Bu çok sık görülen bir düzenli okuyucu ikilemidir. Zira okurlar ekseri, kendi ilgi alanlarına ve çevrelerindeki dünyaya daha uygun gelen, daha yeni kitaplara yönelirler.

Bu yönelim aslında gayet mantıklıdır. Günümüzün mevcut sorunlarını araştırmak, güncel bilgilere hâkim olmak ve kitaplarından keyif alınan günümüz yazarlarını takip etmek anlaşılır bir uğraştır. Bu saydıklarımızın tümü tabii ki modern kitapları okumak için geçerli nedenlerdir ve her yıl yayınlanan bu kadar çok kitap varken rafta üzeri toz bağlamış klasikleri yeniden okumak veya ilk kez okumak için zaman ayırmak, hayli zor gelebilir.

Bunları anlamak mümkündür; ancak yine de eski kitapları, özellikle de klasik olarak nitelenen kitapları okumanın, zaman ayırmamız gereken değerli bir eylem olduğunu belirtmekte fayda vardır.
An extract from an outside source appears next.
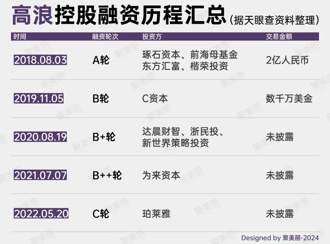 从融资历程来看,截至发稿前,高浪控股已完成了5轮融资,其中2018年8月的A轮融资,便获得了来自琢石资本、前海母基金等的2亿人民币投资,据报道称,是当时国内美妆行业融资最高纪录。不仅如此,高浪控股还两次获得香港新世界集团旗下基金的投资(C资本、新世界策略投资)。

Bu eserler genellikle kendi başlarına harika okumalar olmakla kalmaz, aynı zamanda çağdaş okuyuculara yeni kitapların kesinlikle sağlayamayacağı benzersiz ayrıcalıklar da sunar.
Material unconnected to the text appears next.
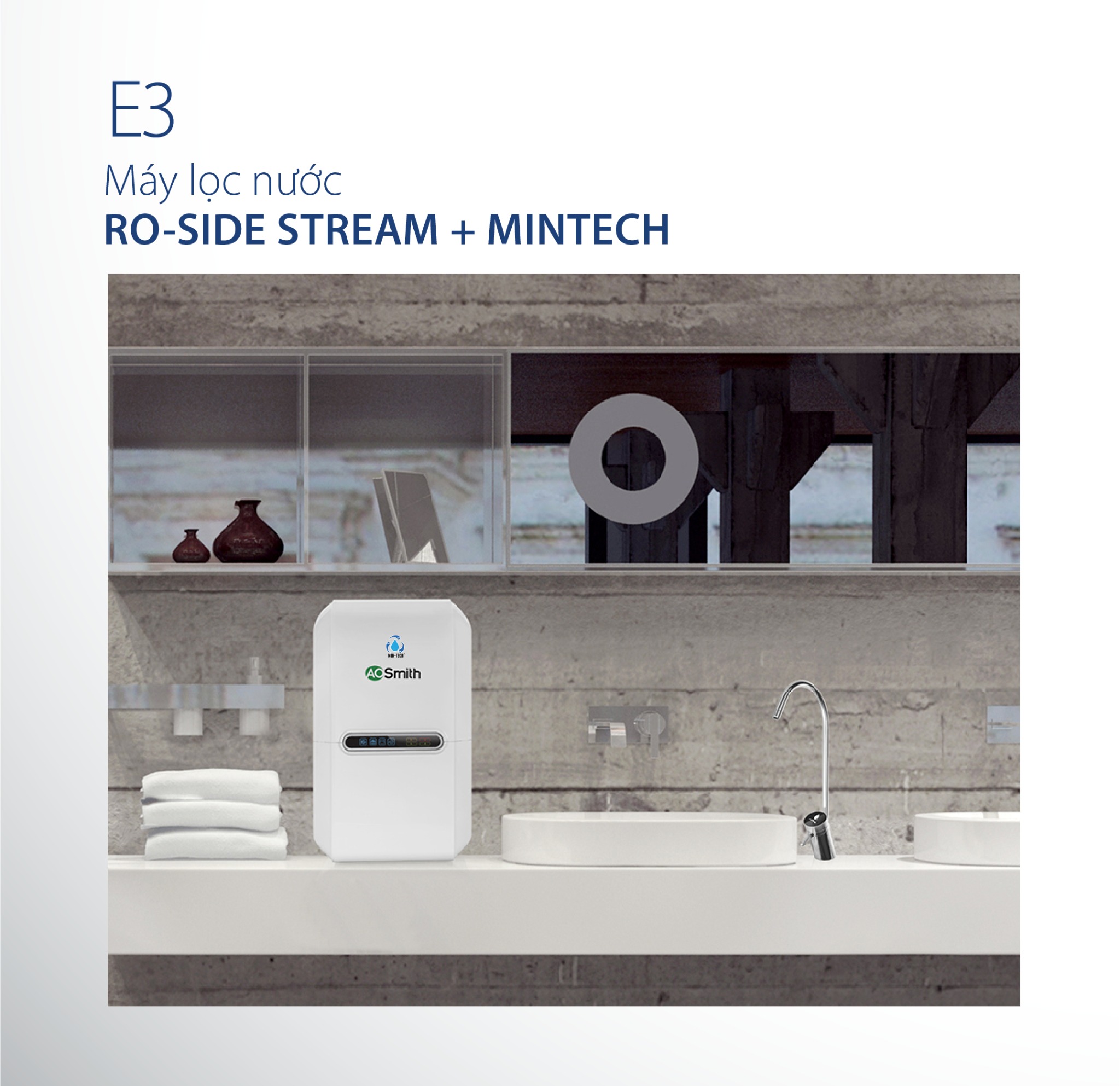 - A. O. Smith E3 là dòng máy lọc nước của thương hiệu A. O. Smith. Sản phẩm được thiết kế dạng để gầm rất tiết kiệm diện tích không gian sử dụng. Máy lọc nước linh hoạt sử dụng, dễ dàng đặt ở bất cứ góc nào trong nhà.

İNSANLARI DAHA İYİ ANLAMAK İÇİN…

Eski kitapları okumanın önündeki engellerden biri, artık bu eserlerin modasının geçtiği düşüncesidir. Hayatınızı daha iyi yaşamak için Orta Çağ’da geçen bir savaşın inceliklerini, Victoria dönemindeki işçi sınıfının mücadelelerini veya dünyanın dev bir yılan tarafından sarılıp sıkıştırıldığını düşünen insanların mitlerini anlamanıza hiç gerek yoktur. Ancak gerçek şu ki eski kitaplar bizi insan yapan evrensel değerlere dönük bir anlayış geliştirmemize yardımcı olabilir.

Kitap, kitaplar, eski kitaplar, üst üste kitaplar

Zamanla inançlarımız ve kolektif bilgimiz değişse de bugün karşılaştığımız temel toplumsal mücadeleler, sorduğumuz sorular ve sahip olduğumuz değerler, geçmiş kuşaklardaki yazarların metinlerine de yansımıştır. Örneğin Aristoteles, Spinoza ve Descartes gibi büyük düşünürlerin çözmeye çalıştığı problemler günümüz filozoflarının da hâlâ ilgisini cezbetmektedir. Thomas Paine ve Karl Marx’ın yazdıkları bugün de siyasete, toplumsal örgütlenmeye ve insan haklarına karşı bakış açımızı şekillendirmeye devam ediyor. Ve birçoğumuz kaderimizin yıldızlarda yazılı olduğuna inanmasak da doğanın büyük gizemlerine cevaplar bulabilmek için hâlâ gökyüzüne bakıyoruz.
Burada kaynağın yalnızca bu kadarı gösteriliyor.